One of the most critical questions for any crypto-asset service provider (CASP) preparing for DAC8 is: what exactly falls within the directive's reporting scope? Understanding which transactions must be reported and which crypto-assets are covered determines the scale and complexity of compliance. This article provides a detailed breakdown of DAC8's scope.
Covered Crypto-Assets
DAC8 defines its scope of crypto-assets by reference to the EU's Markets in Crypto-Assets Regulation (MiCA). Under this approach, a crypto-asset is any digital representation of a value or a right which may be transferred and stored electronically, using distributed ledger technology or similar technology.
Within this broad definition, DAC8 covers three main categories as classified by MiCA:
Asset-referenced tokens (ARTs) are crypto-assets that maintain a stable value by referencing several currencies, commodities, or other crypto-assets. These are commonly known as multi-collateral stablecoins.
E-money tokens (EMTs) are crypto-assets that maintain a stable value by referencing a single official currency. These include fiat-backed stablecoins such as those pegged to the euro or the US dollar.

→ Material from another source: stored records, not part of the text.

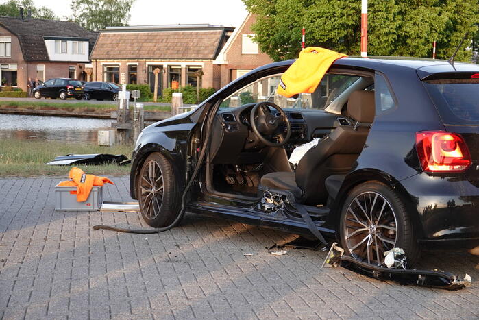 Op een kruising zijn twee personenauto's door onbekende oorzaak in botsing gekomen. De brandweer heeft de deuren van een auto moeten verwijderen om het slachtoffer om het slachtoffer te kunnen bevrijden. De inzittenden van de andere auto kwamen met de schrik vrij.
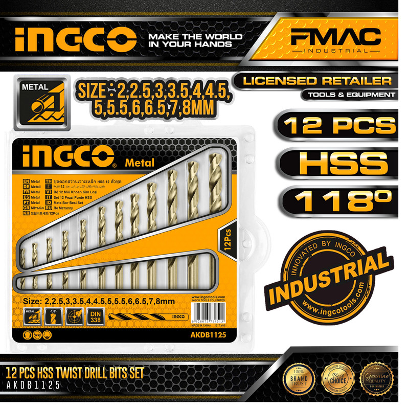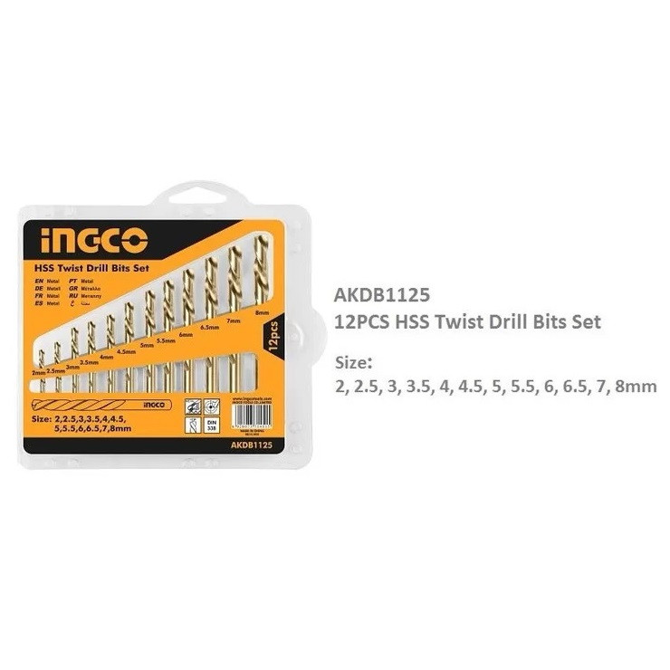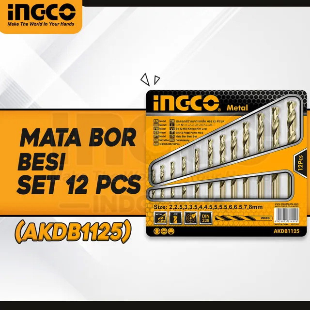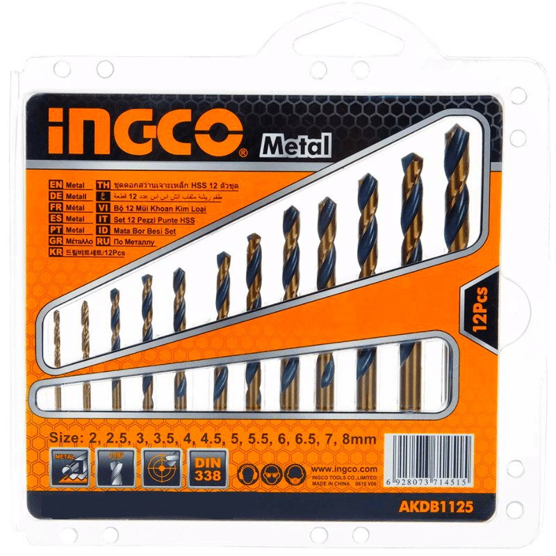 مجموعه 12 عددی مته آهن اینکو مدل AKDB1125 ساخته شده از ترکیب فولاد تندبر (HIGH SPEED STEEL) که مقاومت و استحکام بالایی در برابر ساییدگی خوردگی و حرارت دارد
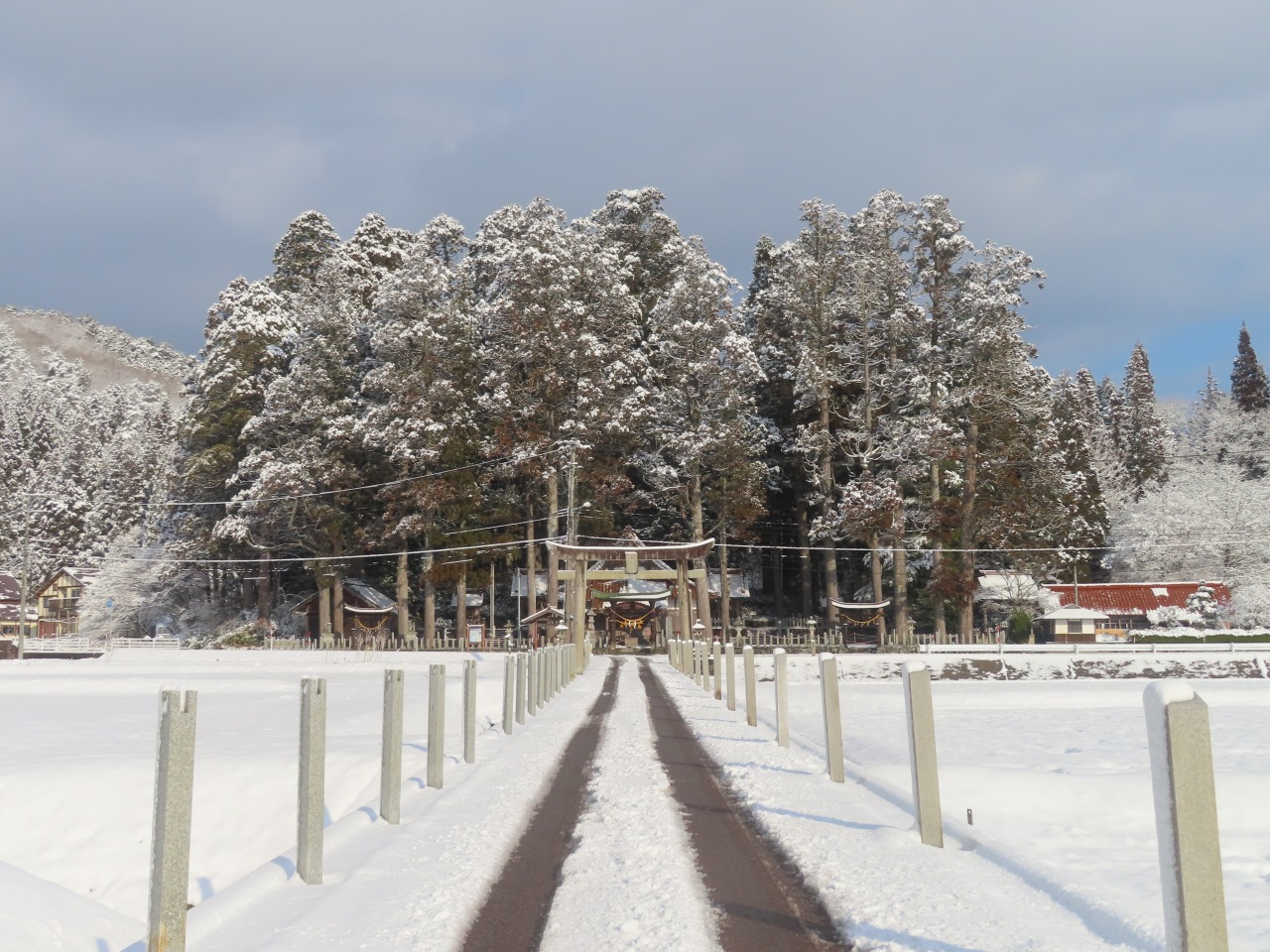 亀山八幡神社の鳥居や社叢にも、しっかりと積雪。

Other crypto-assets encompass all crypto-assets that do not qualify as ARTs or EMTs. This is the broadest category and includes Bitcoin, Ethereum, and the vast majority of altcoins, utility tokens, and governance tokens.
Specific inclusions. DAC8 explicitly includes crypto-assets that can be used as a means of payment or for investment purposes. This captures the vast majority of actively traded crypto-assets.
Specific exclusions. DAC8 excludes central bank digital currencies (CBDCs), as these are issued by sovereign monetary authorities and fall under different regulatory frameworks. Crypto-assets that cannot be used for payment or investment purposes — such as purely functional tokens that grant access to a specific service with no secondary market value — may also fall outside the scope, though this determination requires careful case-by-case analysis.
Covered Transactions
DAC8 requires reporting of four categories of transactions:
Fiat-to-crypto exchanges. Any transaction in which a user exchanges fiat currency (euros, dollars, pounds, etc.) for a crypto-asset through a CASP. This includes both purchases and sales — buying Bitcoin with euros triggers a reportable event, and selling Bitcoin for euros triggers another.
Crypto-to-crypto exchanges. Any transaction in which a user exchanges one crypto-asset for another through a CASP. Swapping Ethereum for USDC, for example, is a reportable transaction for both the Ethereum and USDC sides of the trade.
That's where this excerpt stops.